TO DO:
The data below is to be written out exactly, with no pictures.

DATASET EXTRACT:
· · ·

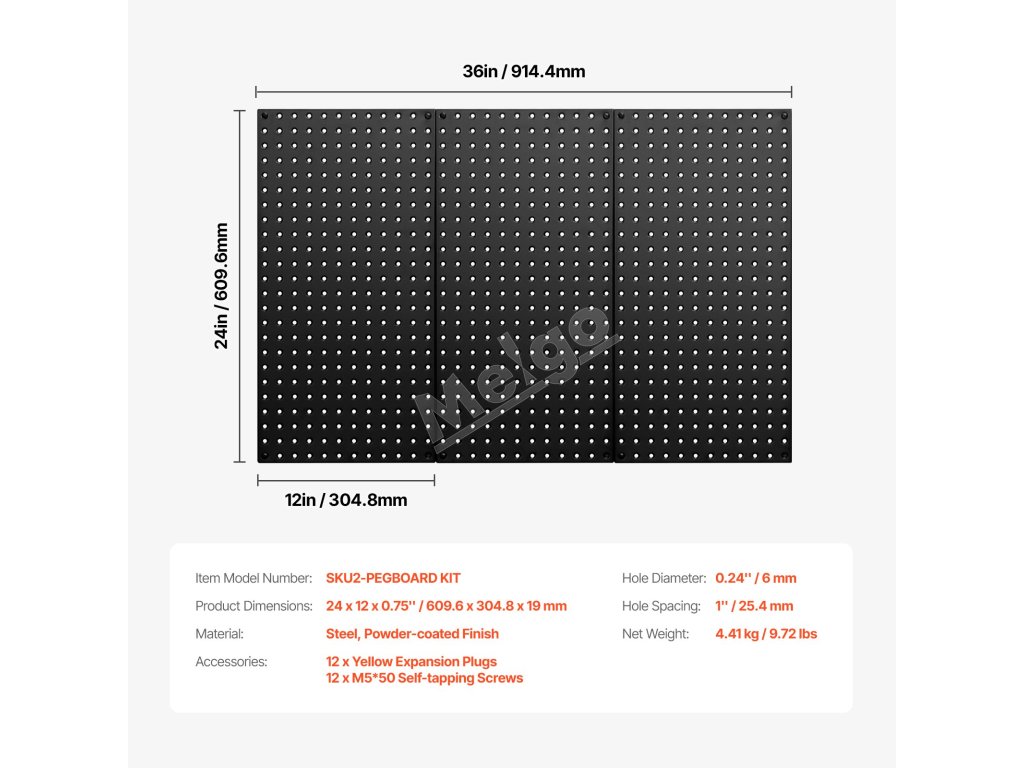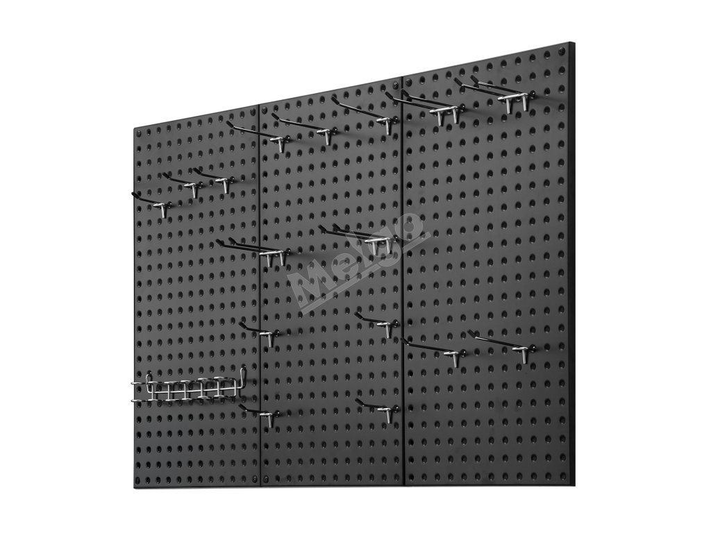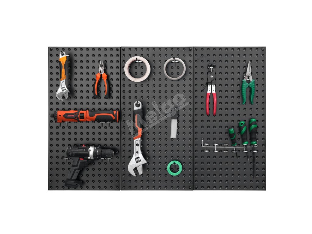 Dierovaný panel na stenu na náradie 24" × 12", 3 ks, oceľ, čierny
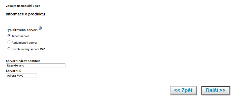 - Zadejte název licenčního serveru a ID licenčního serveru (adresa MAC bez pomlček).
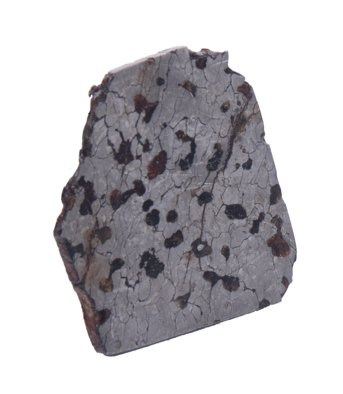 Found on open farm shrub land in 1992, this iron meteorite contains dark silicate inclusions mixed within a bright nickel-iron matrix.
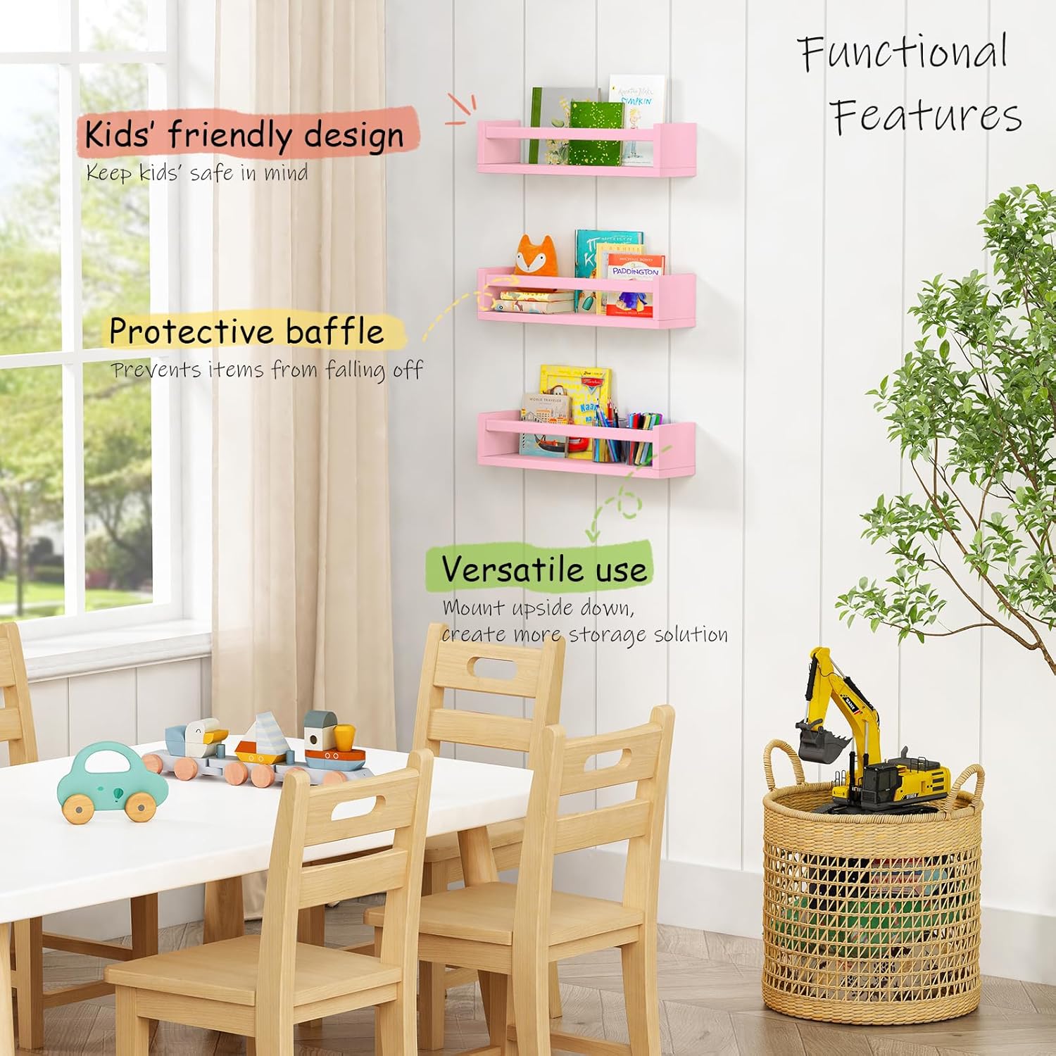 - [Versatile & Multifunctional] The pink floating nursery book shelves are no limit to creativity! Place them as wall bookshelf for kids’ room, baby book shelf for nursery, toddler book shelf and toy organizer for playroom, and it can even be used in the kitchen as a spice rack. Mount them upside down as kids clothes shelves in the bathroom and closet. They’re going to fit any space and any style thanks to their essential classic design.

· · ·

WRITTEN SOLUTION:
 Dierovaný panel na stenu na náradie 24" × 12", 3 ks, oceľ, čierny
 - Zadejte název licenčního serveru a ID licenčního serveru (adresa MAC bez pomlček).
 Found on open farm shrub land in 1992, this iron meteorite contains dark silicate inclusions mixed within a bright nickel-iron matrix.
 - [Versatile & Multifunctional] The pink floating nursery book shelves are no limit to creativity! Place them as wall bookshelf for kids’ room, baby book shelf for nursery, toddler book shelf and toy organizer for playroom, and it can even be used in the kitchen as a spice rack. Mount them upside down as kids clothes shelves in the bathroom and closet. They’re going to fit any space and any style thanks to their essential classic design.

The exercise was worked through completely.